Work task: Each line of the data is to be output verbatim, with the images removed.

Recorded data:
- - - - -

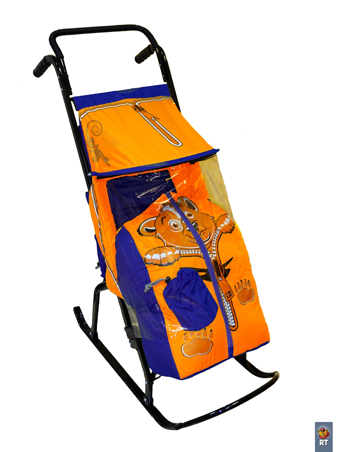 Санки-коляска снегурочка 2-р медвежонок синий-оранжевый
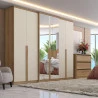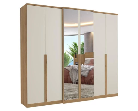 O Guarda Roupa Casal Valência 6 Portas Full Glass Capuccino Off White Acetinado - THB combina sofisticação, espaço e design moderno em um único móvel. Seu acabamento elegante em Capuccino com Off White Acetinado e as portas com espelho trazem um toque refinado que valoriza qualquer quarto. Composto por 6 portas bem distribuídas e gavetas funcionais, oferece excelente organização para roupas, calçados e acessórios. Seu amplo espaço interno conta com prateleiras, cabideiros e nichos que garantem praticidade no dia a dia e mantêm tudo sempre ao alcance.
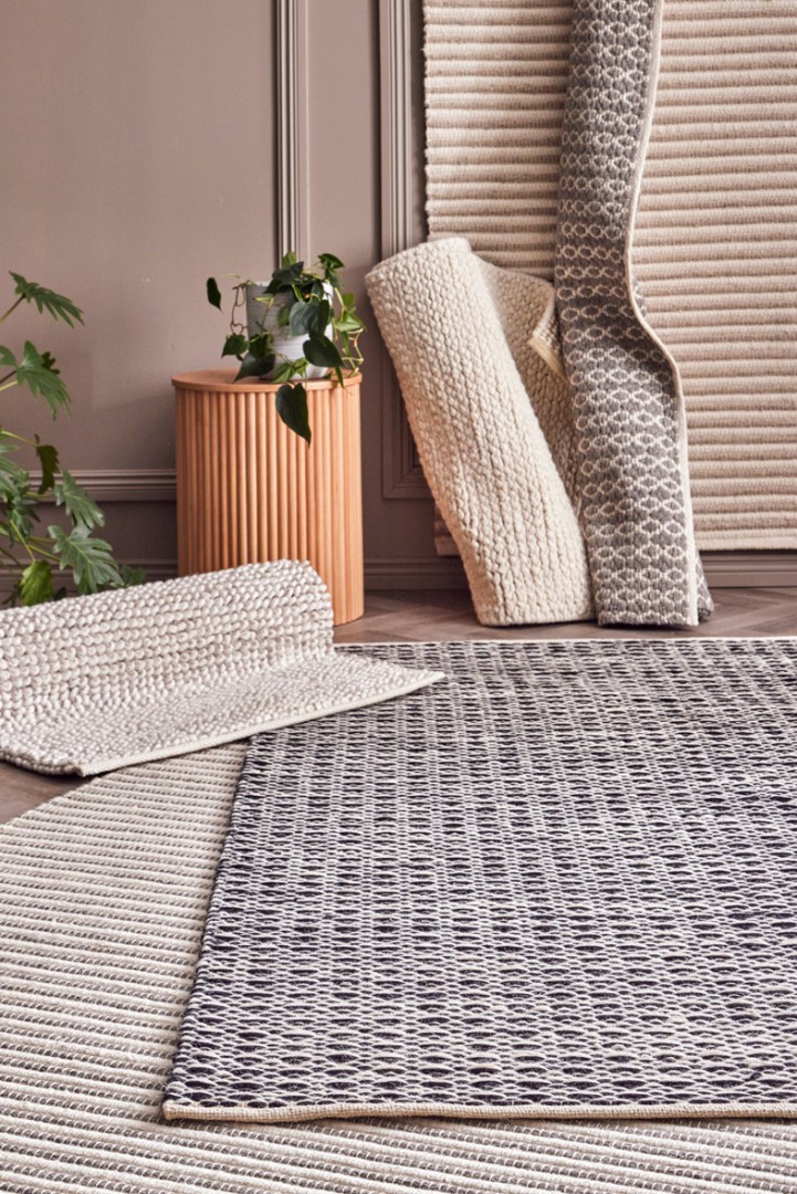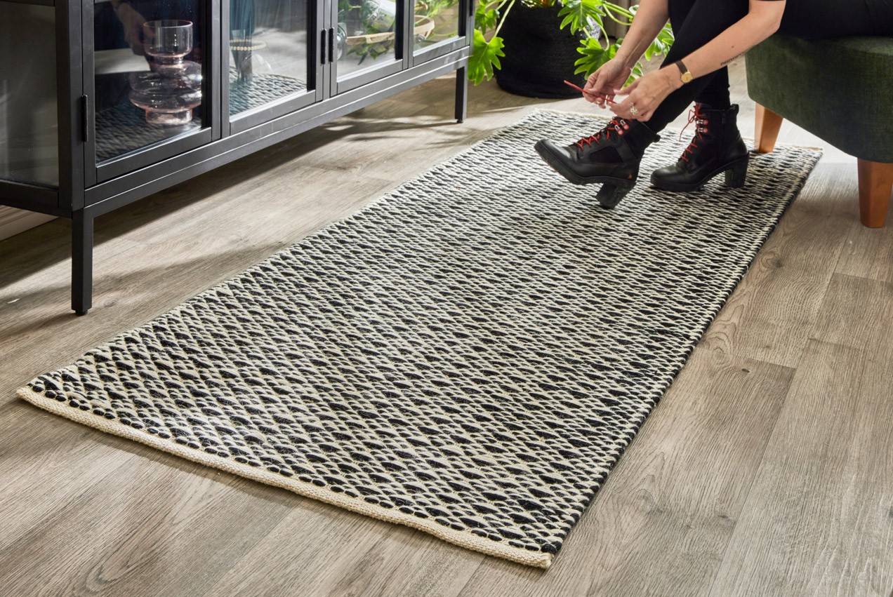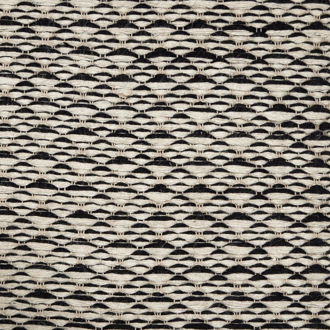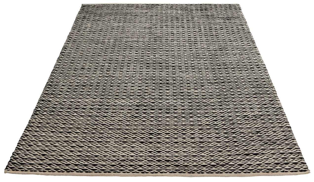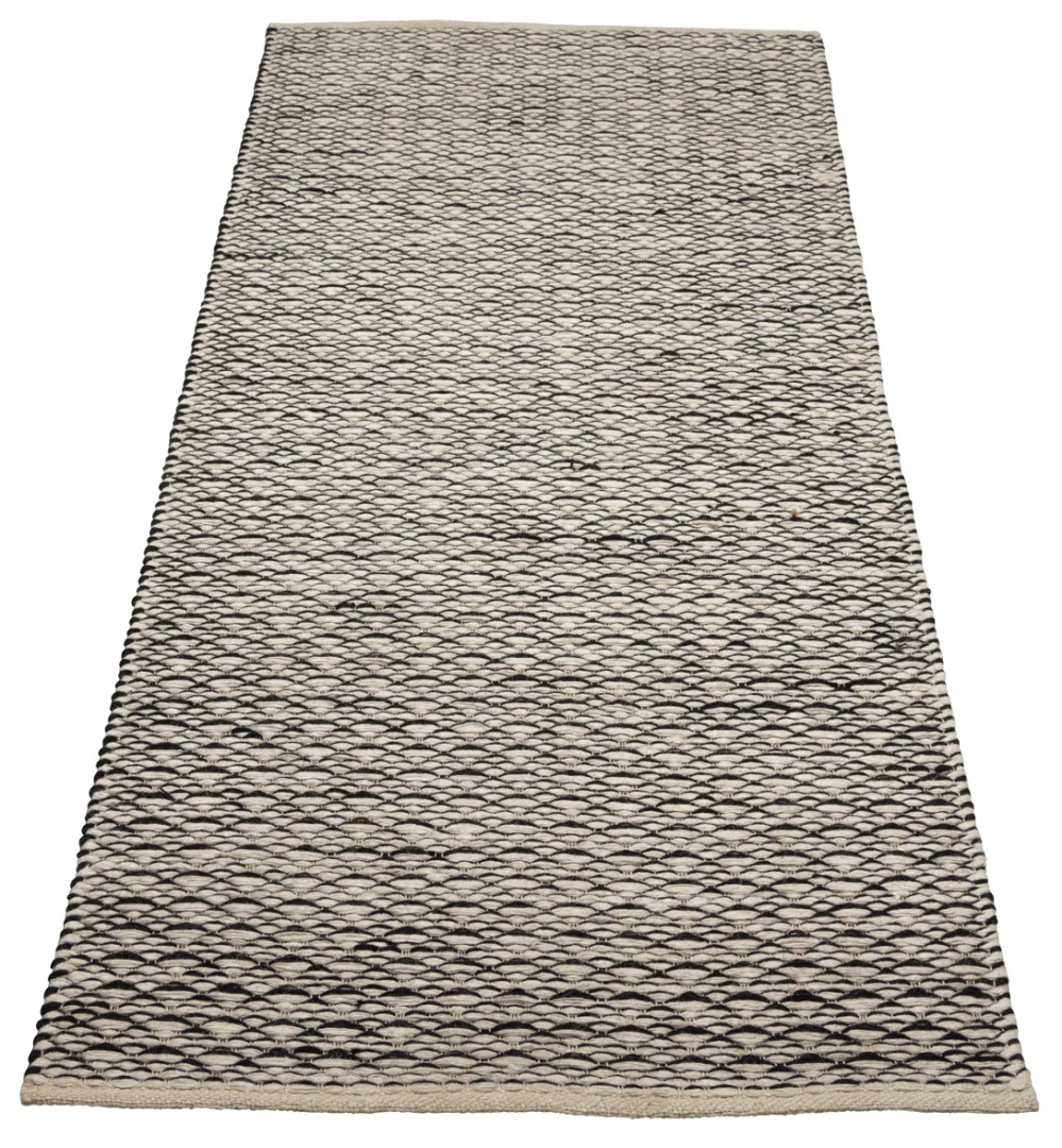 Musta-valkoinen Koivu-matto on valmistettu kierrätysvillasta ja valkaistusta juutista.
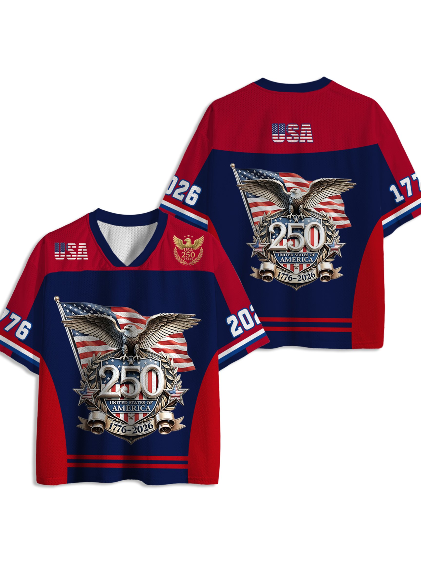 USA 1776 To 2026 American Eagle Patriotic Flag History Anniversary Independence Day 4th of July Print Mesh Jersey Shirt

- - - - -

Result for this task:
 Санки-коляска снегурочка 2-р медвежонок синий-оранжевый
 O Guarda Roupa Casal Valência 6 Portas Full Glass Capuccino Off White Acetinado - THB combina sofisticação, espaço e design moderno em um único móvel. Seu acabamento elegante em Capuccino com Off White Acetinado e as portas com espelho trazem um toque refinado que valoriza qualquer quarto. Composto por 6 portas bem distribuídas e gavetas funcionais, oferece excelente organização para roupas, calçados e acessórios. Seu amplo espaço interno conta com prateleiras, cabideiros e nichos que garantem praticidade no dia a dia e mantêm tudo sempre ao alcance.
 Musta-valkoinen Koivu-matto on valmistettu kierrätysvillasta ja valkaistusta juutista.
 USA 1776 To 2026 American Eagle Patriotic Flag History Anniversary Independence Day 4th of July Print Mesh Jersey Shirt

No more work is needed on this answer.